## Source material
=== Begin Enclosure ===

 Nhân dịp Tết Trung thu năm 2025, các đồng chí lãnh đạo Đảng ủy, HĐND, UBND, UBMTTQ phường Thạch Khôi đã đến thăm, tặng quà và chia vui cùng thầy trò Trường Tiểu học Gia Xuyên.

=== End Enclosure ===
=== Begin Enclosure ===

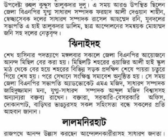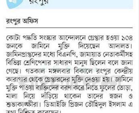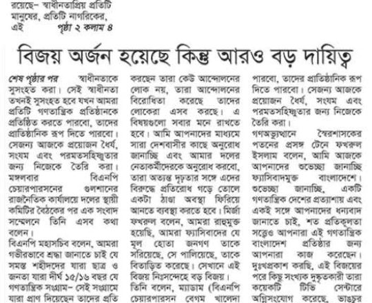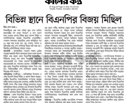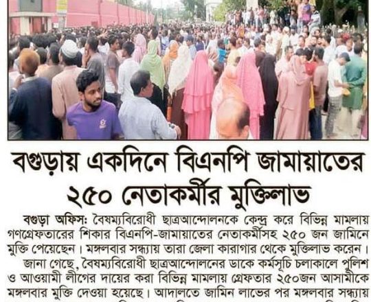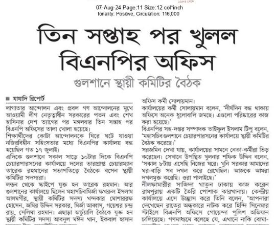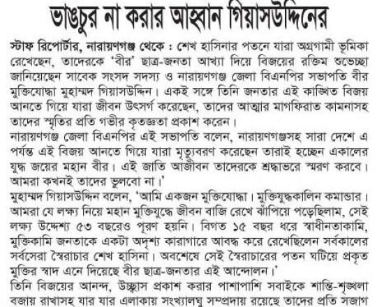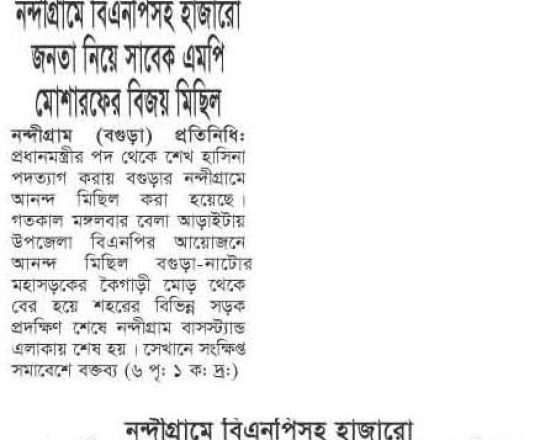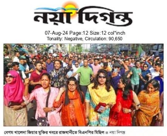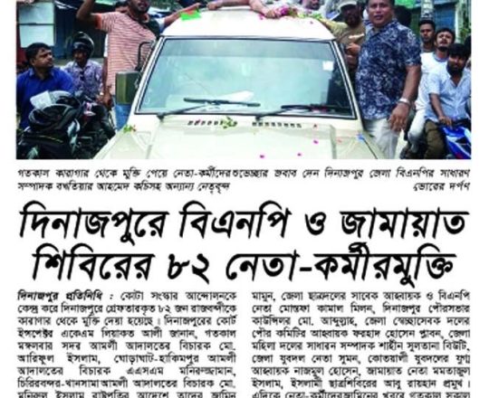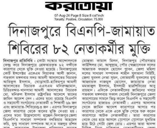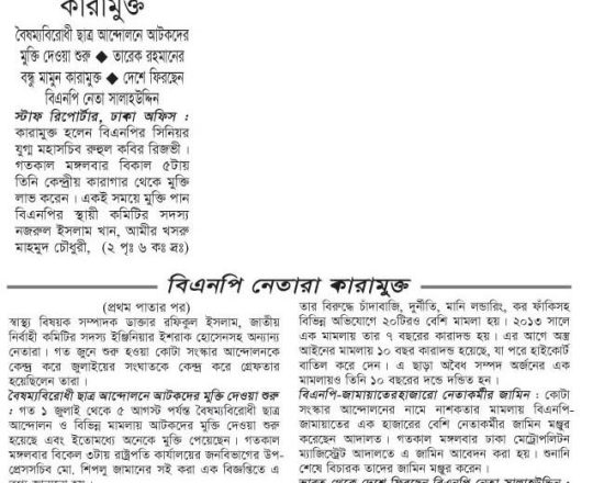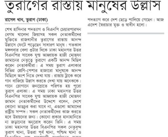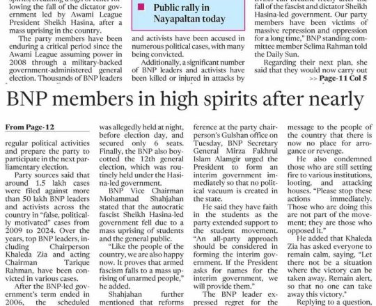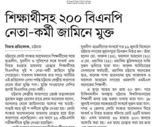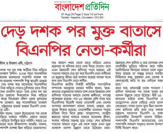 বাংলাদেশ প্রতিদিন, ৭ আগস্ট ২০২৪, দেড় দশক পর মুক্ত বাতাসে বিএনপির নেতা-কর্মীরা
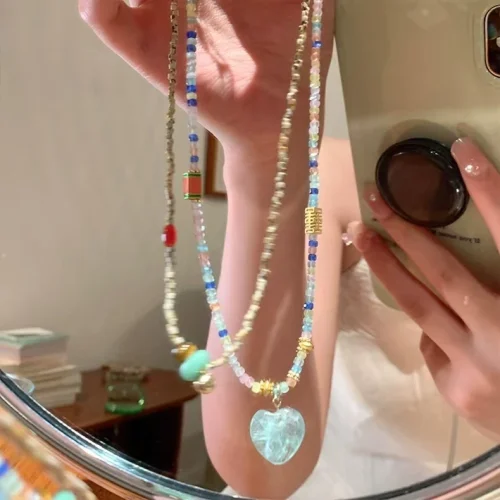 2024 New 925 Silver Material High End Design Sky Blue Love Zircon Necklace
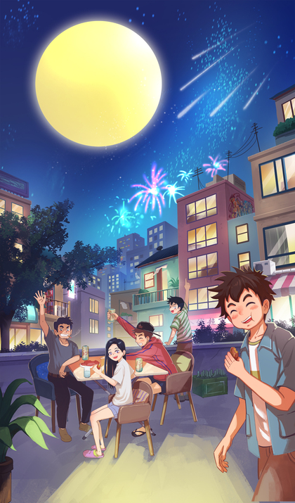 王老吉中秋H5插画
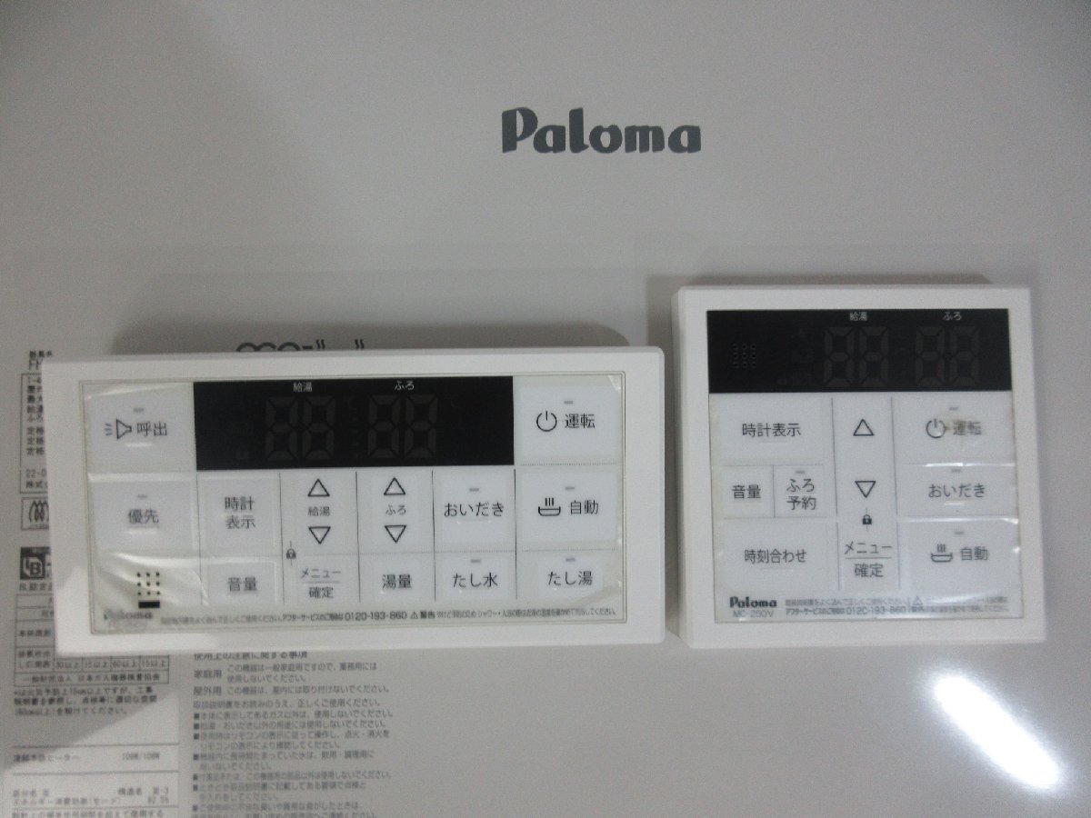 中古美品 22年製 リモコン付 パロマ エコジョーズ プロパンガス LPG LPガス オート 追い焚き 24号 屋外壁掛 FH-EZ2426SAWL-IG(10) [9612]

=== End Enclosure ===

## What is required
Above are some records; extract exactly the lines from the one containing "2024 New 925" through the one containing "中古美品 22年製 リモコン付" and drop the pictures.

## Reply to the task
 2024 New 925 Silver Material High End Design Sky Blue Love Zircon Necklace
 王老吉中秋H5插画
 中古美品 22年製 リモコン付 パロマ エコジョーズ プロパンガス LPG LPガス オート 追い焚き 24号 屋外壁掛 FH-EZ2426SAWL-IG(10) [9612]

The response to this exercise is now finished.